The following describes the implementation of Gaussian processes in stats++. Familiarity with the theory behind Gaussian processes is assumed.

Introduction

In stats++, all Gaussian process functionality can included in a project via the following header file:

#include "statsxx/machine_learning/Gaussian_process.hpp"

It is important to note that all subroutines and classes that provide this functionality are encapsulated in the Gaussian_process namespace:

namespace Gaussian_process
{
    ...
}

Model selection

The first step in constructing a Gaussian process is to specify its underlying model. Recall that a Gaussian process is fully specified by a mean function $\mu(\mathbf{x})$ and covariance function $k(\mathbf{x},\mathbf{x}')$. Model selection is concerned with choosing their functional forms and values for any hyperparameters (including those inherent to the Gaussian process).

The hyperparameters of optimize_hyperparameters():

std::pair<std::vector<double>,
          double> Gaussian_process::optimize_hyperparameters(std::unique_ptr<CovarianceFunction> const &k,
                                                             std::vector<double> theta,
                                                             const Matrix<double> &X,
                                                             const Vector<double> &y,
                                                             double sigma_n)

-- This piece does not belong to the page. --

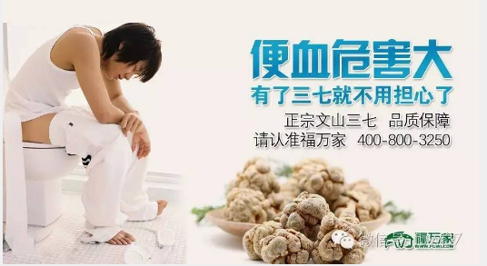 1.三七止血:福万家三七行瘀止血,消肿定痛。适用于吐血,衄血,血痢血崩,咳血、便血、尿血等出血症、三七中的三七素有止血的作用, 能明显的缩短出血和凝血时间。对于便血可起到一定的止血作用。

As an example code to optimize the hyperparameters of the squared exponential covariance function and noise in a dataset is as follows:

Matrix<double> X = ...;
Vector<double> y = ...;
double sigma_n = ...;
 
std::vector<double> theta = ...;
std::unique_ptr<CovarianceFunction> k = std::unique_ptr<SquaredExponential>(new SquaredExponential(theta));
 
std::vector<double> theta_opt;
double sigma_n_opt;
std::tie(theta_opt, sigma_n_opt) = Gaussian_process::optimize_hyperparameters(k, theta, X, y, sigma_n);
 
k->assign_hyperparameters(theta_opt);

Constructing a Gaussian process

Once a model has been selected, it can be used to construct a Gaussian process. In stats++, this is accomplished via the GaussianProcess class:

class GaussianProcess
{
    ...
}

The GaussianProcess constructor reflects the fact that it is fully specified by $\mu(\mathbf{x})$ and $k(\mathbf{x},\mathbf{x}')$ (the former assumed 0):

Gaussian_process::GaussianProcess::GaussianProcess(std::unique_ptr<CovarianceFunction> const &k_arg)

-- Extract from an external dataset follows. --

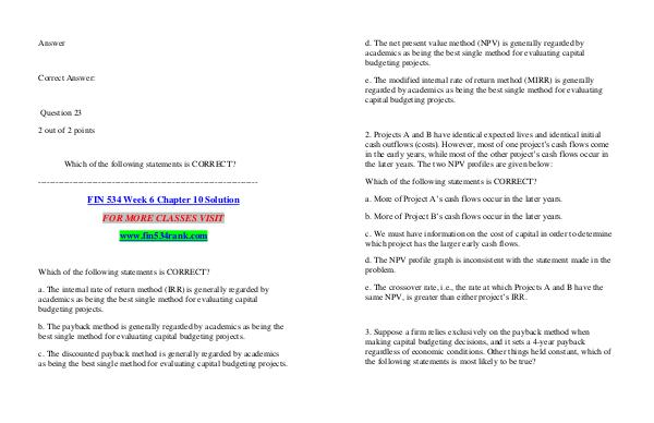 FIN 534 Week 6 Chapter 10 Solution

As an example code to construct a Gaussian process with the squared exponential covariance function is as follows:

std::vector<double> theta = ...;
std::unique_ptr<CovarianceFunction> cf = std::unique_ptr<SquaredExponential>(new SquaredExponential(theta));
Gaussian_process::GaussianProcess gp(cf);

Adding training data

After the Gaussian process has been constructed, the next step is to add training data; this is accomplished via the following function:

void Gaussian_process::GaussianProcess::add_data(const Matrix<double> &X_arg, 
                                                 const Vector<double> &y_arg, 
                                                 const double sigma_n_arg)

After data has been added, the likelihood of the data (and its derivatives with respect to the hyperparameters) can be calculated using the functions:

double GaussianProcess::likelihood()
std::vector<double> GaussianProcess::dlikelihood()

Prediction

After training data has been added to a Gaussian process, it can be used to make predictions about new observations.

void Gaussian_process::GaussianProcess::predict(const Vector<double> &x)